According to a new report by the nonprofit, nonpartisan organization Every Child Matters Education Fund (ECMEF), where in the United States a child is born and raised can determine his chances of living to adulthood, as well as his quality of life throughout childhood. The report, called “Geography Matters: Child Well-Being in the States,” compared all 50 states based on several well-being standards, including lack of access to prenatal care, premature deaths, malnutrition, poverty, child abuse, teen birth and teen incarceration.
The report revealed stark disparities between the bottom states, which include Louisiana (50); Mississippi (49); New Mexico (48); Oklahoma (47); Texas (46); and South Carolina (45), and the top states, which include Vermont (1); Massachusetts (2); Connecticut (3); Rhode Island (4); and New Hampshire (5).

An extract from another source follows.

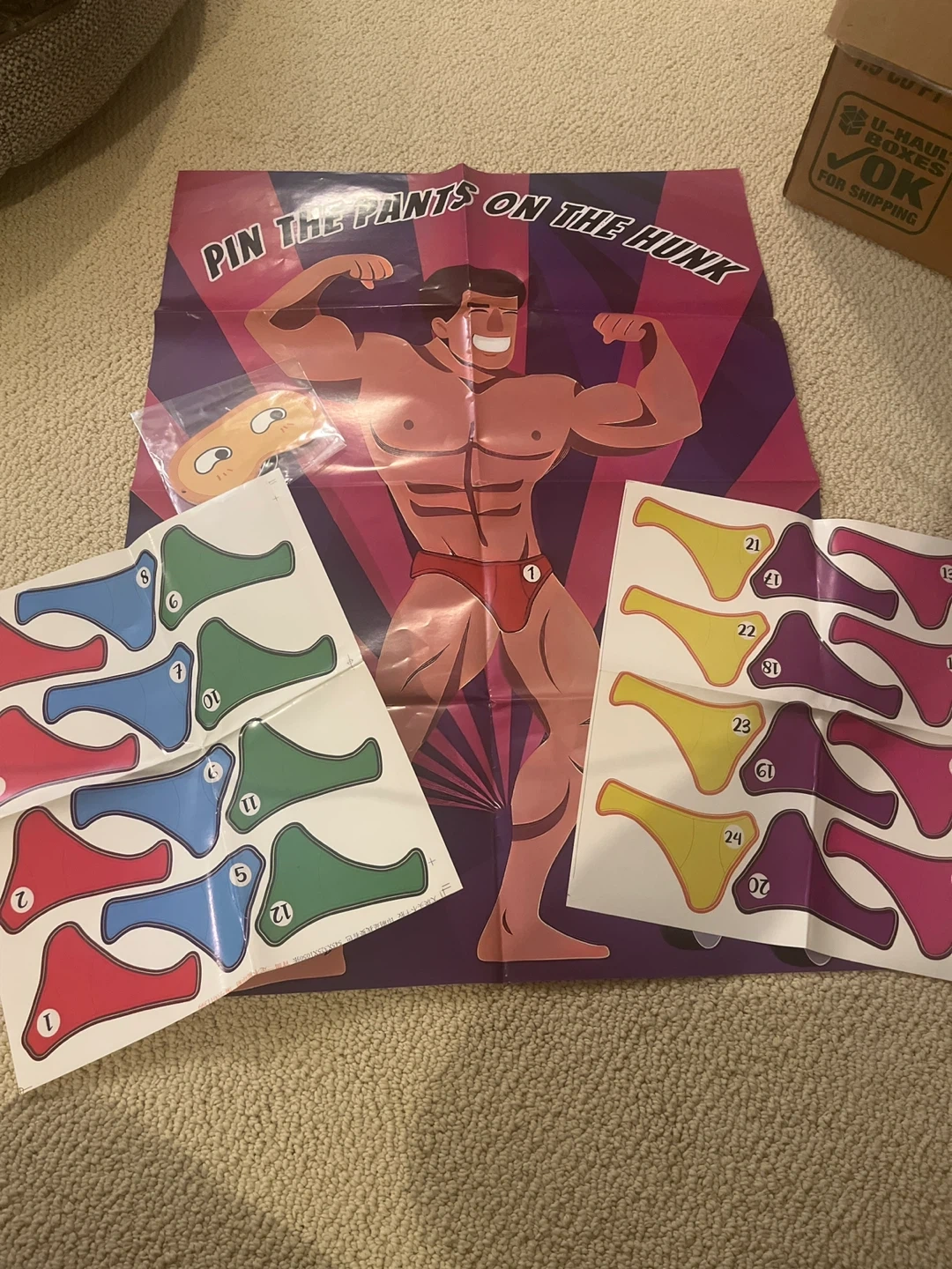 Get ready for some laughs with this "Pin the Pants on the Hunk" game! New, never played. All the numbered pants are included, so you're all set for some silly fun
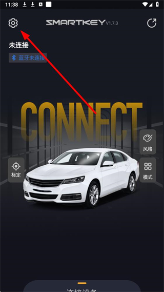 1、在智能控车应用界面,点击左上角的设置图标,进入设置界面。

Youths in the bottom states are:
- Up to three times more likely to die before adulthood
- Five times more likely to be uninsured
- More than twice as likely to receive inadequate prenatal care
- Eight times more likely to be incarcerated
- More than twice as likely to live in poverty
- Almost seven times as likely to die from abuse and neglect
- Twice as likely to become pregnant in the teen years
How the nation arrived at this point is a complex issue, but what it mostly boils down to is access to services, says Michael Petit, the author of the report and founder of ECMEF. “The differences between states speak to a wide variety in supports and interventions,” he says.
And it's the delivery of those services that makes this such a politically heated issue. It's no coincidence that the states offering fewer services have a much higher population of minority children, according to T. Berry Brazelton, Ph.D., founder of Brazelton Touchpoints Center and clinical professor of pediatrics emeritus at Harvard Medical School. “Minorities and the poor are considered throw aways,” he says, arguing that our society tends to “pay attention to what's going on in the middle class.”
The depth and breadth of services offered has to do with the political culture that exists in the state, too. “The bottom states generally have a narrower view of the role of government in addressing social issues,” the report states, asking, “Are states unable to invest in children because they are too poor? Or are they poor because they fail to invest?” But, it's not just the states' fault, the report suggests: the disparities are also brought on by weak federal policies and declining federal investments in this area.
Petit acknowledges that some families do not reach out to, or are simply unaware of, the services provided to them. Case in point: every single child in the state of Vermont is insured, and that goes side by side with data that suggests Vermonters are much more likely to take advantage of Medicaid.